I’ve done it both ways. Without secondary I noticed quite a bit of crap in the bottom of my kegs. Lately I have been racking to secondary but I purge the carboy with CO2 prior to racking. I then cold crash right away for about 3 days at around 34deg. I am amazed at how much crap drops out in those three days. I purge my kegs with cO2 before racking from secondary. This process has been giving me really clear beer and I feel I am keeping as much oxygen out as possible.
Those yeast cakes in primary have a lot of trapped CO2 inside of them. If left in primary, the CO2 escapes for a long time in medium to large bubbles, bringing with it a geyser of yeast back into the otherwise clear beer. Racking it to secondary gets it off the yeast cake and allows the yeast to settle out without anything else churning it back into suspension.
True, but I’d still argue that going through the intermediate step of secondary will result in less gunk in your bottle or keg.
At the end of the day, though, it’s all personal preference. You won’t hurt my feelings by skipping a secondary! :mrgreen: I have a gose fermenting right now that I’m going to keep in primary the entire time, but that’s partially because I want to keep the lacto contained to the one fermenter.

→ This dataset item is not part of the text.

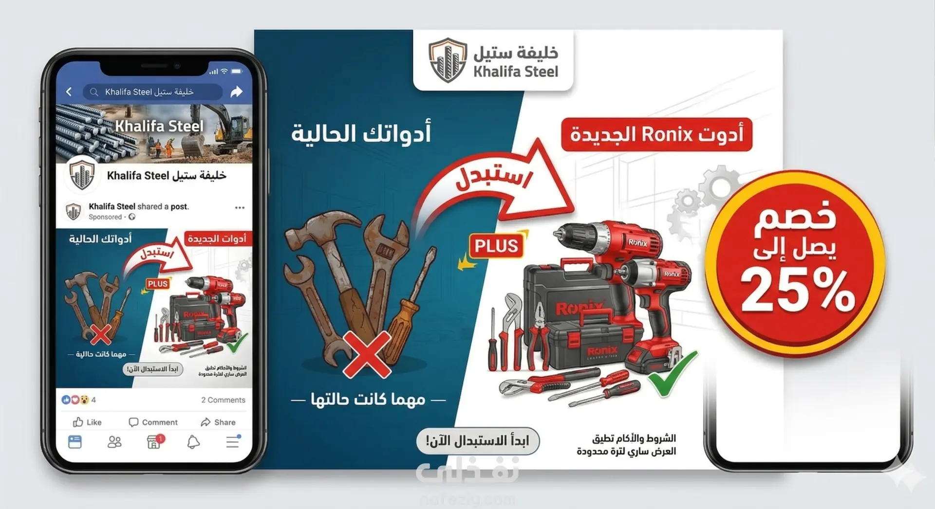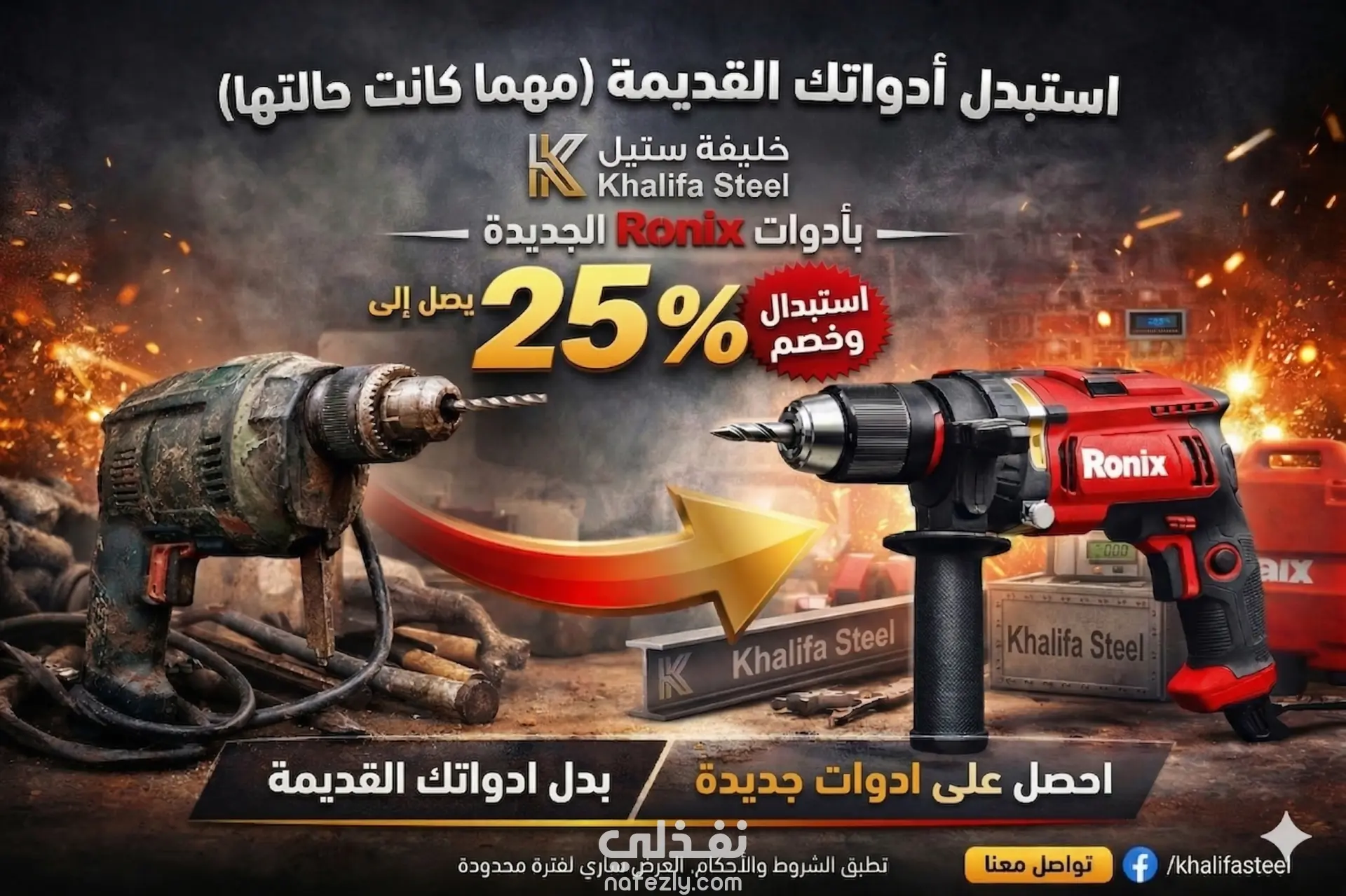 الجانب الأيمن (الجديد): يبرز شنيور ماركة Ronix بتصميمه العصري باللونين الأحمر والأسود، يبدو لامعاً وقوياً. الإضاءة هنا قوية (Spotlight) مع وجود شرر متطاير يوحي بالقوة والعمل الشاق.
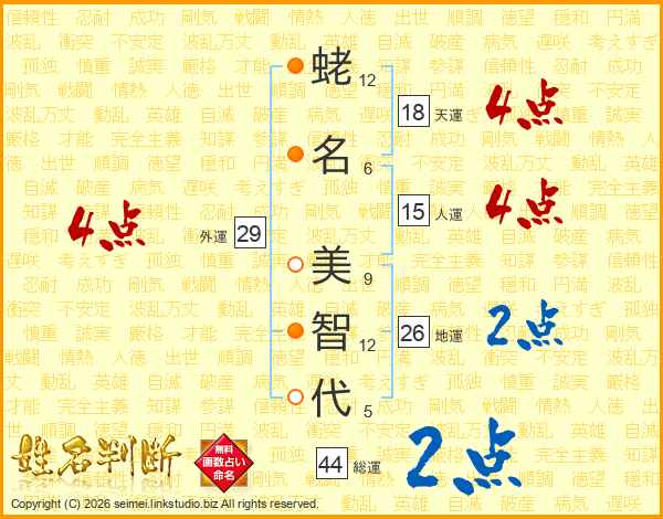 蛯(12画)名(6画) 美(9画)智(12画)代(5画)

[quote=“porkchop”]True, but I’d still argue that going through the intermediate step of secondary will result in less gunk in your bottle or keg.
At the end of the day, though, it’s all personal preference. You won’t hurt my feelings by skipping a secondary! :mrgreen: I have a gose fermenting right now that I’m going to keep in primary the entire time, but that’s partially because I want to keep the lacto contained to the one fermenter.[/quote]
This is the one thing about a secondary (call it a bright tank or whatever) that’s unarguable in my experience. I have definitely noticed less goo in my kegs whenever I’ve done a secondary, which has to equate to faster clearing.
Exactly. Secondary is not necessary in almost all cases, and does open you up to a (very) slight risk of oxidation and infection. Both of these can be entirely avoided with basic technique, and if you have a reason to use a secondary vessel, by all means do so. If you don’t have a good reason, then leave it in primary. :cheers:
Exactly. Secondary is not necessary in almost all cases, and does open you up to a (very) slight risk of oxidation and infection. Both of these can be entirely avoided with basic technique, and if you have a reason to use a secondary vessel, by all means do so. If you don’t have a good reason, then leave it in primary. :cheers: [/quote]
Not exactly, but very close. Your beer will clear just the same either way. The difference is between a tiny amount of yeast sediment in the bottom of your keg or bottle vs. a slighly smaller amount. No difference in the overall quality of the beer.
If you wish to reduce the amount of sediment without using a secondary, the other things you can do are use a more flocculant yeast or cold crash in the primary (or both).
No matter what we say, I suggest trying both methods for yourself and draw your own conclusion.